Open cancan101 opened 9 years ago
With more logging:
sending function jobs to cluster
2015-07-22 07:16:39,356 - gridmap.job - INFO - Setting up JobMonitor on tcp://10.1.3.165:35470
2015-07-22 07:16:39,771 - gridmap.job - DEBUG - Starting local hearbeat
2015-07-22 07:16:39,773 - gridmap.job - DEBUG - Starting ZMQ event loop
2015-07-22 07:16:39,773 - gridmap.job - DEBUG - 0 out of 4 jobs completed
2015-07-22 07:16:39,773 - gridmap.job - DEBUG - Waiting for message
2015-07-22 07:16:39,776 - gridmap.runner - DEBUG - Connecting to JobMonitor (tcp://10.1.3.165:35470)
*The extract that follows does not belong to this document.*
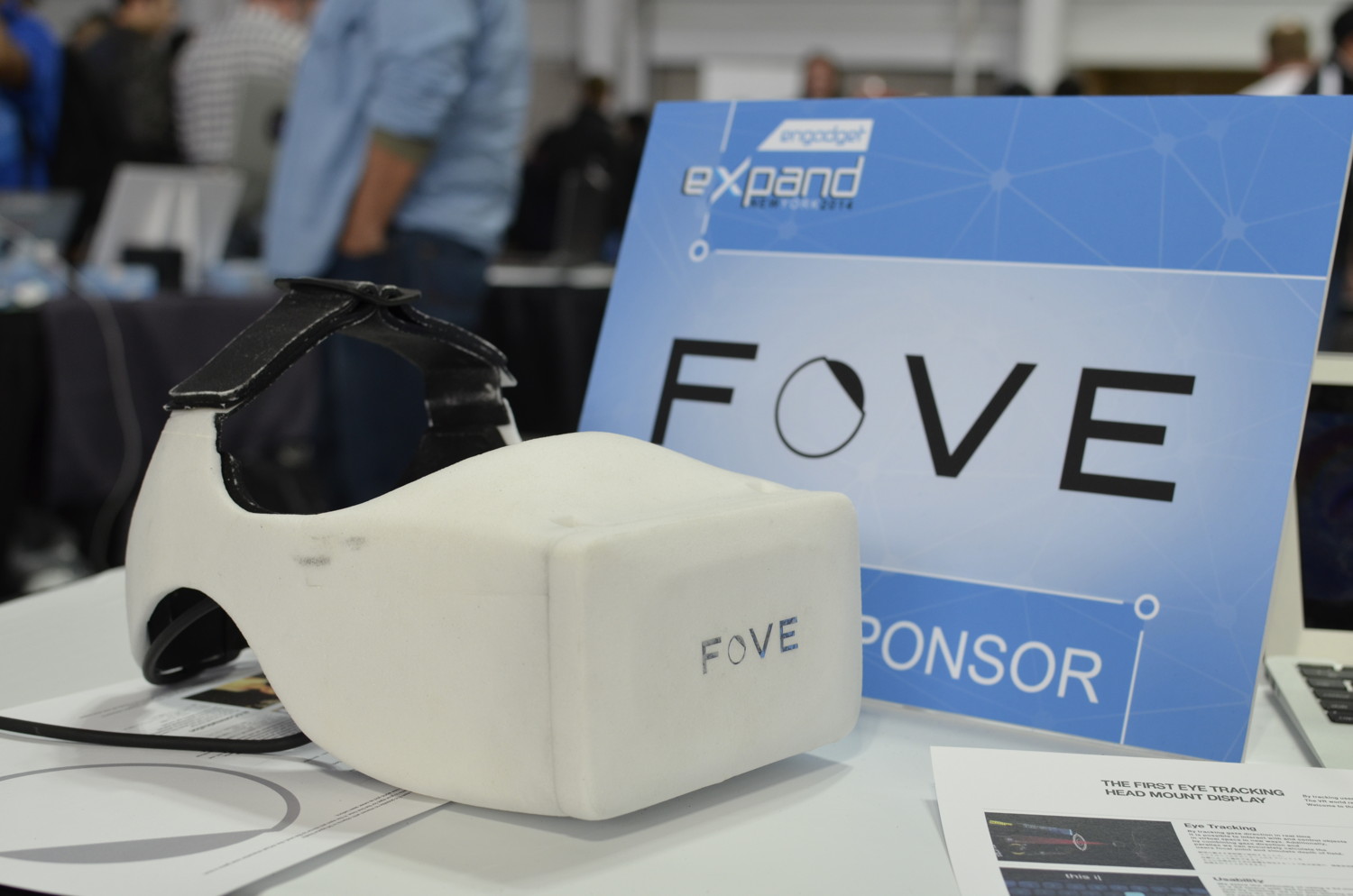 Kojima had the Fove HMD connected to a laptop at Expand that struggled to run the experiences that were demonstrated; at 10-15 FPS, it was clear that the company wasn’t too concerned with showing a high fidelity VR experience, rather they just wanted to show their eye-tracking tech. Unfortunately it was unclear if some lag I experienced with the eye tracking was due to the company’s tech, or merely an insufficient computer. We’re soon hoping to get our hands on a the company’s latest prototype with a more powerful computer running the demo.

2015-07-22 07:16:39,777 - gridmap.runner - DEBUG - Sending message: {u'command': u'heart_beat', u'ip_address': '10.1.3.165', u'job_id': -1, u'data': {}, u'host_name': 'ip-10-1-3-165'}
2015-07-22 07:16:39,777 - gridmap.job - DEBUG - Received message: {u'host_name': 'ip-10-1-3-165', u'ip_address': '10.1.3.165', u'command': u'heart_beat', u'job_id': -1, u'data': {}}
2015-07-22 07:16:39,777 - gridmap.job - DEBUG - Checking if jobs are alive
2015-07-22 07:16:39,777 - gridmap.job - DEBUG - Sending reply:
2015-07-22 07:16:39,778 - gridmap.job - DEBUG - 0 out of 4 jobs completed
2015-07-22 07:16:39,778 - gridmap.job - DEBUG - Waiting for message
It's not hanging then. You should check qstat
to make sure that the jobs actually got started. If they start and disappear right away, that means there is probably an unpickling problem with the job (or a firewall issue where the workers can't talk to JobMonitor
). You can investigate that by logging into those machines and looking in whatever directory you have specified for temp_dir
(it defaults to /scratch/
).
It looks like the workers are trying to load drmaa
and failing to do so:
Traceback (most recent call last):
File "/home/ec2-user/.pyenv/versions/2.7.10/lib/python2.7/runpy.py", line 151, in _run_module_as_main
mod_name, loader, code, fname = _get_module_details(mod_name)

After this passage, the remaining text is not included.